**What this task involves**
In the records below, find the line with "(250625) -- TIANJIN, 25", then retype it and every following line exactly, stopping after the line with "kali ujian ada". Leave the pictures out.

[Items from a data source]
════
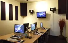 The Audio in Media six-month programme is divided into three terms. Terms 1 and 2 include initial subjects of study such as acoustics, psychoacoustics, ear training and audio production equipment components such as audio production consoles, microphones, recording media and signal processors. Delivery of curriculum includes both theoretical introduction to subjects followed by hands-on work within three dedicated in school production rooms. Term 3 (Practicums) requires students to complete audio production projects such as music multi-track recording, radio jingle production and sound design for video. Students also complete a Live Sound module hosted by a local Venue with a live band.[3]
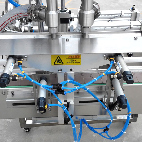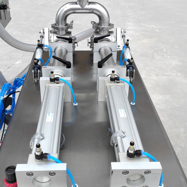 1、半自動雙頭辣椒醬灌裝設備可以通過操作人員用腳踏控制開關,也可以設置光電感應開關,一次性自動完成計量、下料,將粘稠醬類、花生醬類等物料直接灌入容器中即完成一次動作。
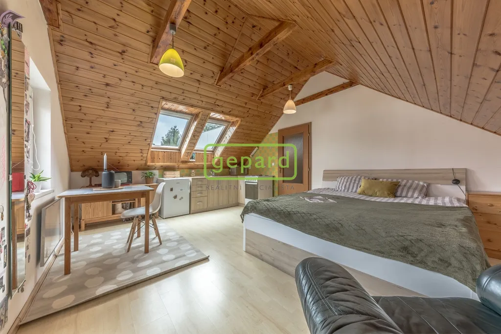 plně vybavená letní kuchyně – ideální na grilování, oslavy nebo letní večery a v patře samostatná garsoniéra (1+kk, 29,2 m²) s vlastním sociálním zázemím.
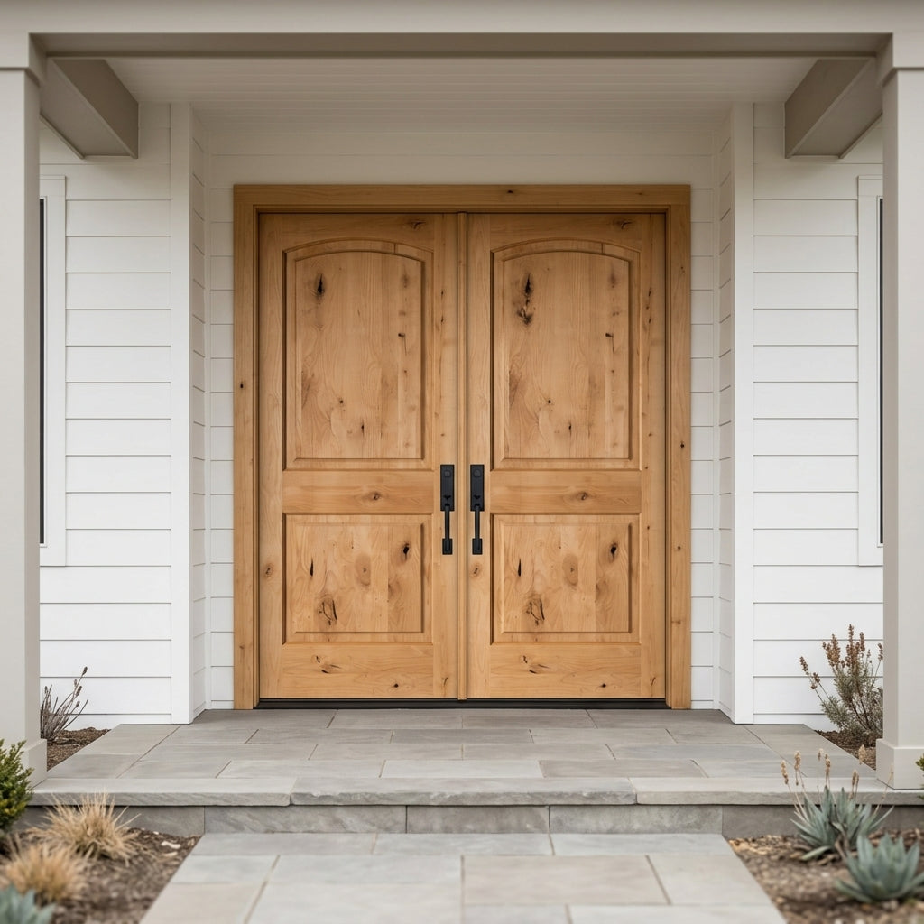 Porte double extérieure rustique en aulne noueux avec dessus en arc
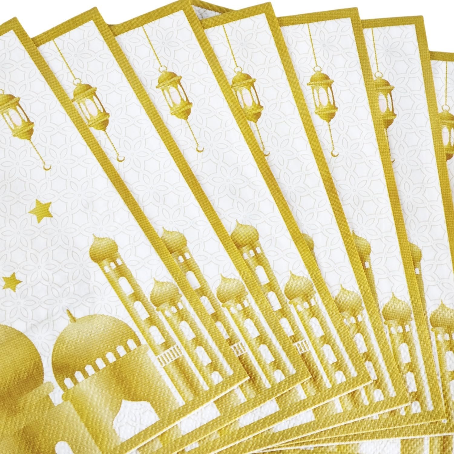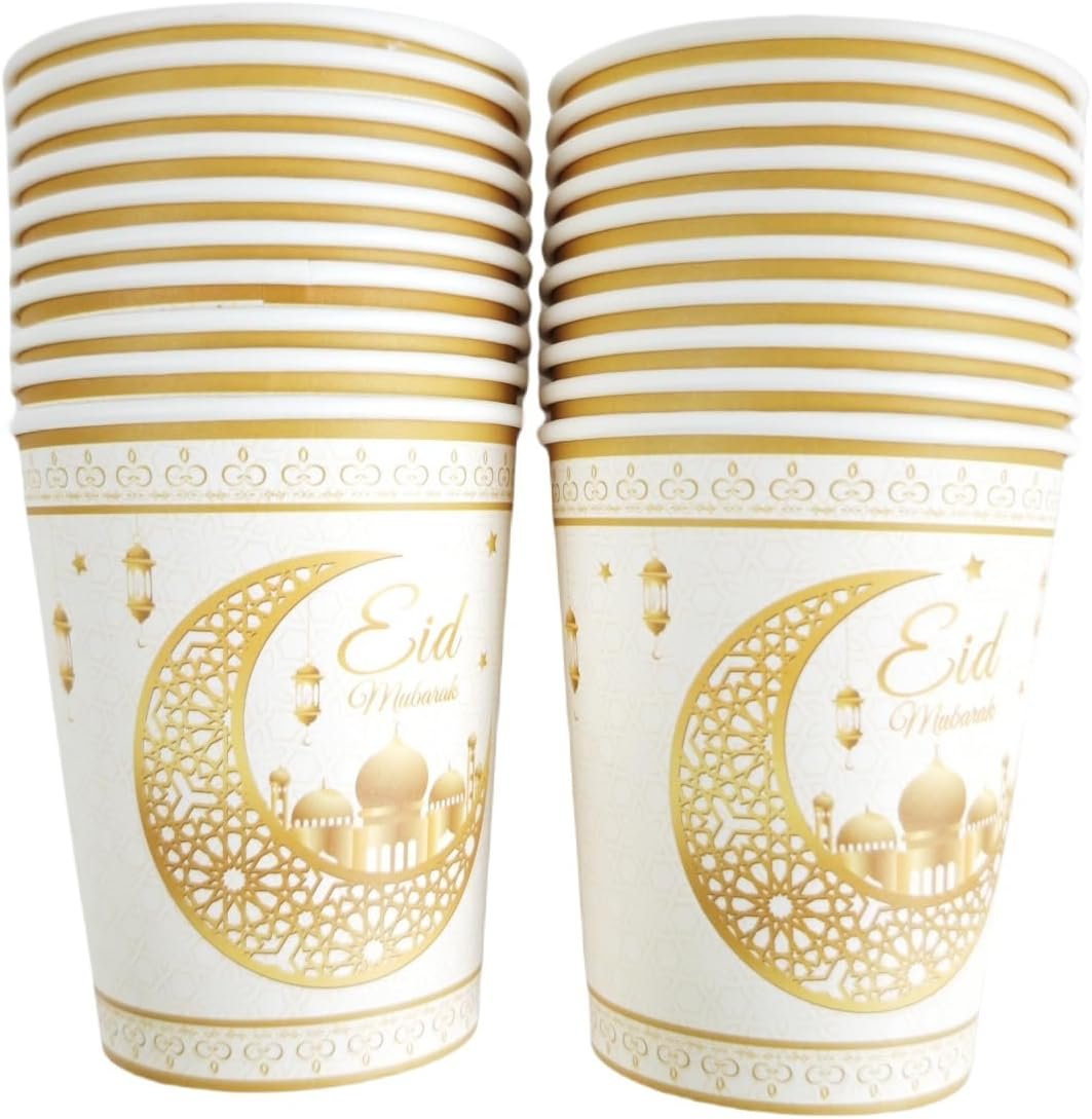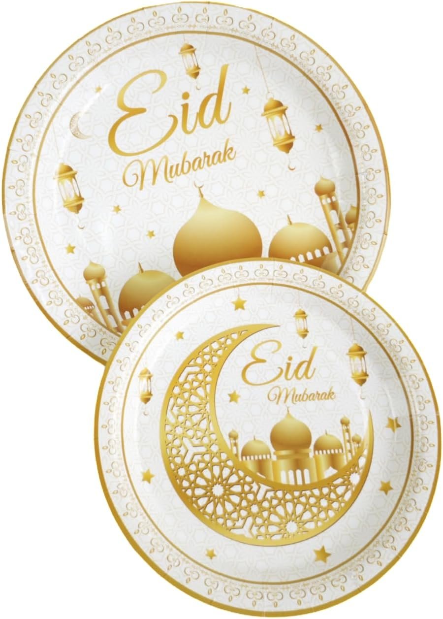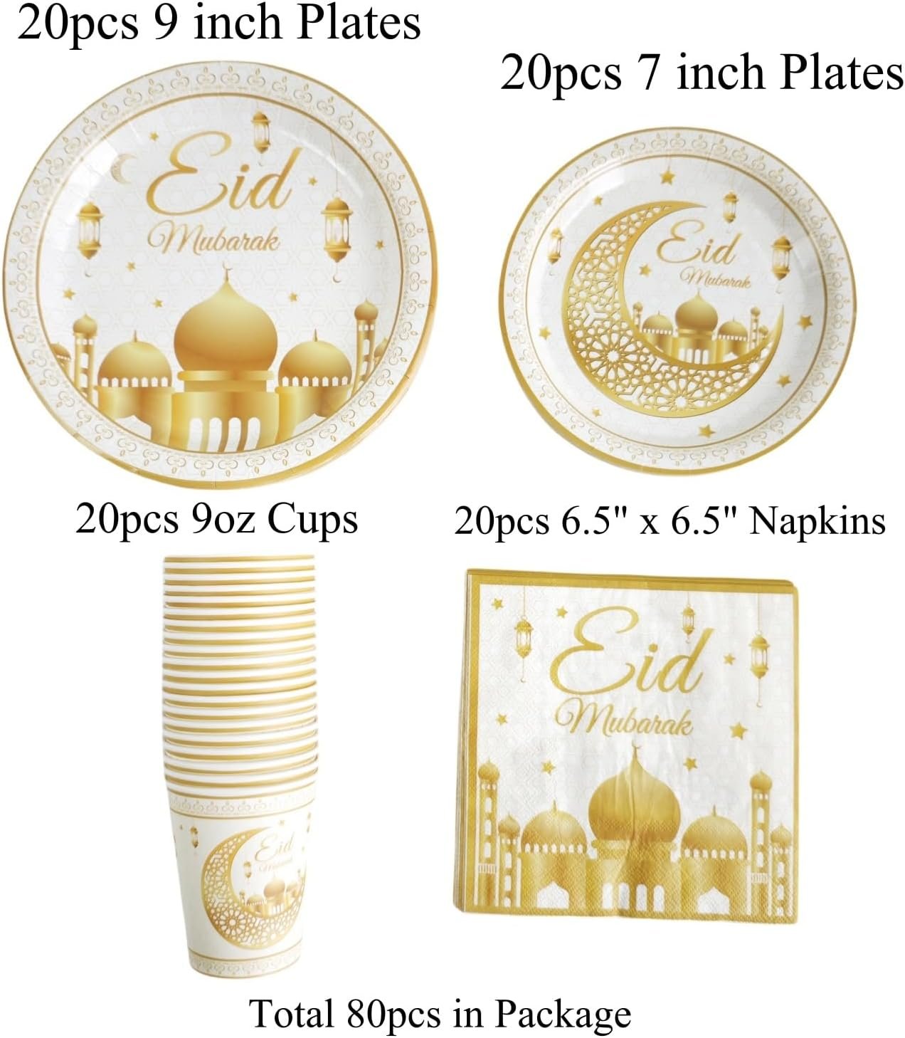 Complete Tableware Set – Includes 20pcs 9 inch dinner plates, 20pcs 7 inch dessert plates,20pcs 9 oz cups, 20pcs 6.5 x 6.5 inches napkins, total 80pcs – serve for 20 guests – everything you need for a festive Eid celebration.
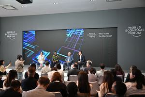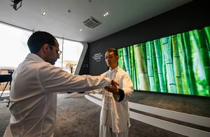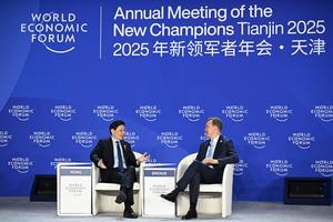 (250625) -- TIANJIN, 25 junio, 2025 (Xinhua) -- Participantes se comunican durante el Davos de Verano 2025 en el Centro...
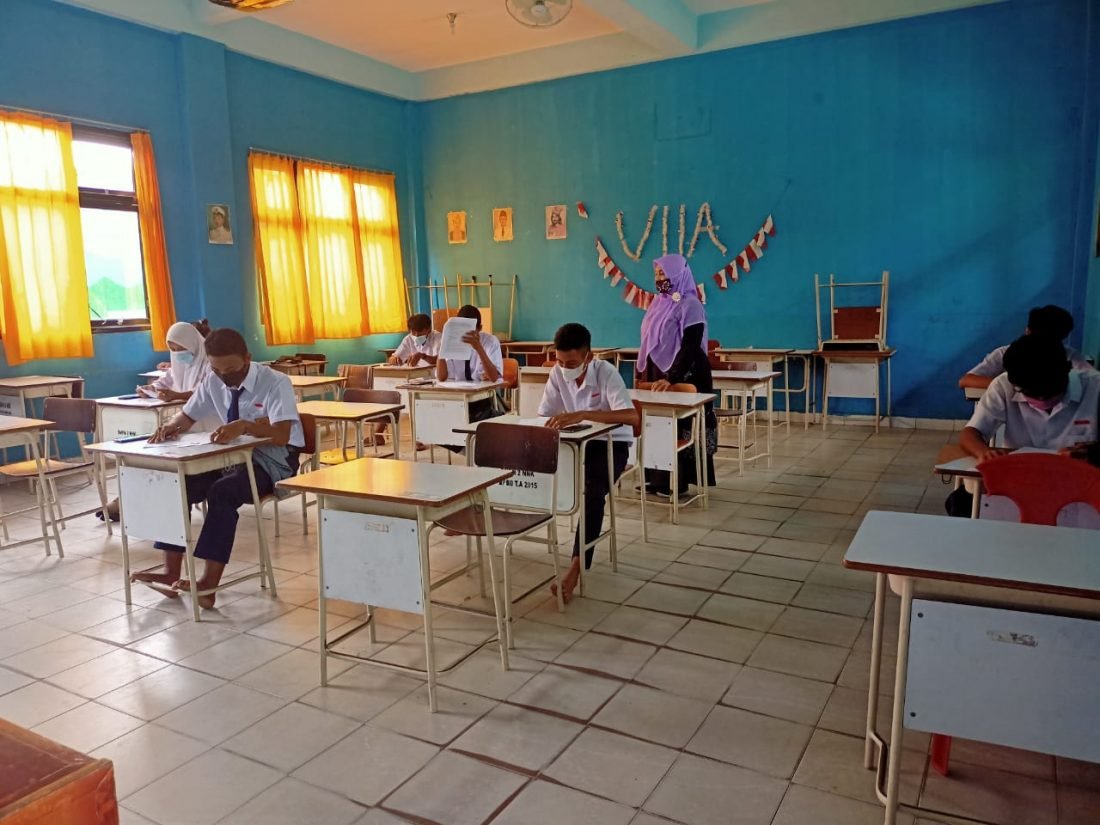 “Satu kali ujian ada dua mata pelajaran, dan kami tidak keluar dari ruangan akan melanjutkan ke pelajaran keduanya. Ini kami lakukan untuk mencegah penyebaran covid-19 agar tidak terjadi perkumpulan,” ucapnya.
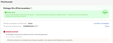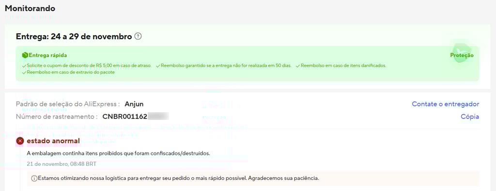 Seus direitos: Como reverter o prejuízo financeiro Apesar do cenário desanimador, o Código de Defesa do Consumidor e as próprias regras de proteção da plataforma estão ao lado do cliente. Na imagem, é possível ver o selo de "Proteção" e a promessa de "Reembolso garantido". A orientação jurídica clara é: não espere "a logística ser otimizada", como sugere a mensagem automática. Se o produto foi confiscado e destruído, a entrega tornou-se impossível. O consumidor deve tirar um "print" da tela de rastreamento (como a imagem acima) e abrir uma disputa imediatamente solicitando o reembolso integral por falha na entrega. A responsabilidade de garantir que o produto vendido pode entrar no país de destino é solidária entre o vendedor e a plataforma. O consumidor brasileiro não pode arcar com o prejuízo de uma mercadoria que sequer chegou às suas mãos.
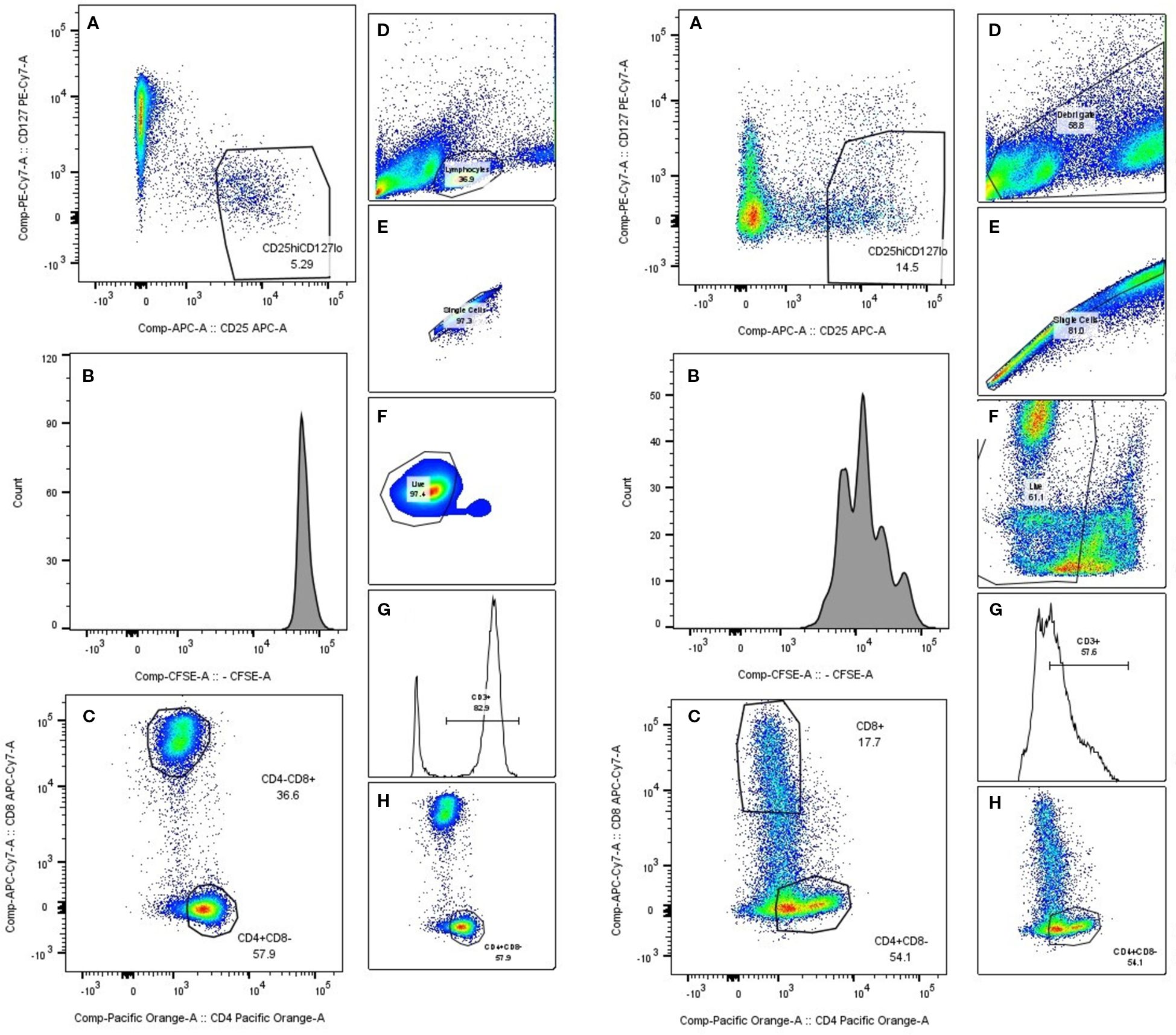 Figure 1. PBMC gating. A representative gating schematic. On the left side collage of PHA unstimulated PBMCs. Right side stimulated PBMCs. (A) Treg selection, (B) CFSE histogram, (C, H) CD4/CD8 selection, (D) lymphocyte population selection based on size and scatter, (E) singlet gate, (F) live cell gate, (G) CD3 gate.
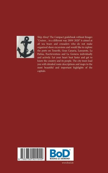 Ship Ahoy! The Compact guidebook without Images "Cruises... in a different way 2019/ 2020" is aimed at all sea bears and crusaders who do not make organised shore excursions and would like to explore the ports on Tenerife, Gran Canaria, Lanzarote, La Palma, Fuerteventura and La Gomera individually and actively. Let your heart beat faster and get to know the country and its people. The city tours lead you with detailed route descriptions and maps to the most beautiful and important highlights of the capitals. On Tenerife in the capital Santa Cruz de Tenerife you dive directly into the exciting history of conquest of the Canary Islands. Under the Plaza España you look at ancient ruins of the Castillo San Cristóbal and the legendary cannon El Tigre with which the forearm of Nelson was shot down. In the Iglesia de la Concepción you can see the wooden cross that rammed Alonso de Lugo into the ground after the conquest. Culturally you get your money's worth in the museums MUNA with mummies, in the TEA, the La Recova and the Museo de Bellas Artes. Follow the carnival fools at Casa de Carnaval as they celebrate the 2nd largest carnival in the world. Don't miss the auditorium, the landmark of Santa Cruz. You can enjoy pure relaxation in the magnificent Parque Maritimo with its seawater swimming pool or in Playa de Las Teresitas. Relax in the 12-hectare Palmetum Botanic Garden or mingle with locals at the popular Plaza Weyler, Plaza de Los Patos and Parque Garcia Sanabria. Arrive in Las Palmas de Gran Canaria and dive into the exciting underwater world of Poema del Mar, or take a refreshing dip in the award-winning Playa de Las Canteras. Wake up your thirst for discovery in the old town of La Vegueta. Here you will find the magnificent Basílica de Santa Ana Cathedral, the Museo Canario with Skulls, the Columbus House Casa Colón, the CAAM Art Centre, the historical Gabinete Literario Literature Cabinet and the pretty Palacete Rodriguez Queguez Palace.From Arrecife, on the black volcanic island of Lanzarote, you begin your visit with a walk around the picturesque Charco de San Ginés.You stroll along the main shopping street Calle Léon y Castillo and visit the ancient castles Castillo de San Gabriel and Castillo de San José. Crown your shore leave at the Gran Hotel Arrecife with an unforgettable view of Arrecife and Fuerteventura from the 17th floor or splash around the azure blue Playa de Reducto.
════
**Reply to the task**
 (250625) -- TIANJIN, 25 junio, 2025 (Xinhua) -- Participantes se comunican durante el Davos de Verano 2025 en el Centro...
 “Satu kali ujian ada dua mata pelajaran, dan kami tidak keluar dari ruangan akan melanjutkan ke pelajaran keduanya. Ini kami lakukan untuk mencegah penyebaran covid-19 agar tidak terjadi perkumpulan,” ucapnya.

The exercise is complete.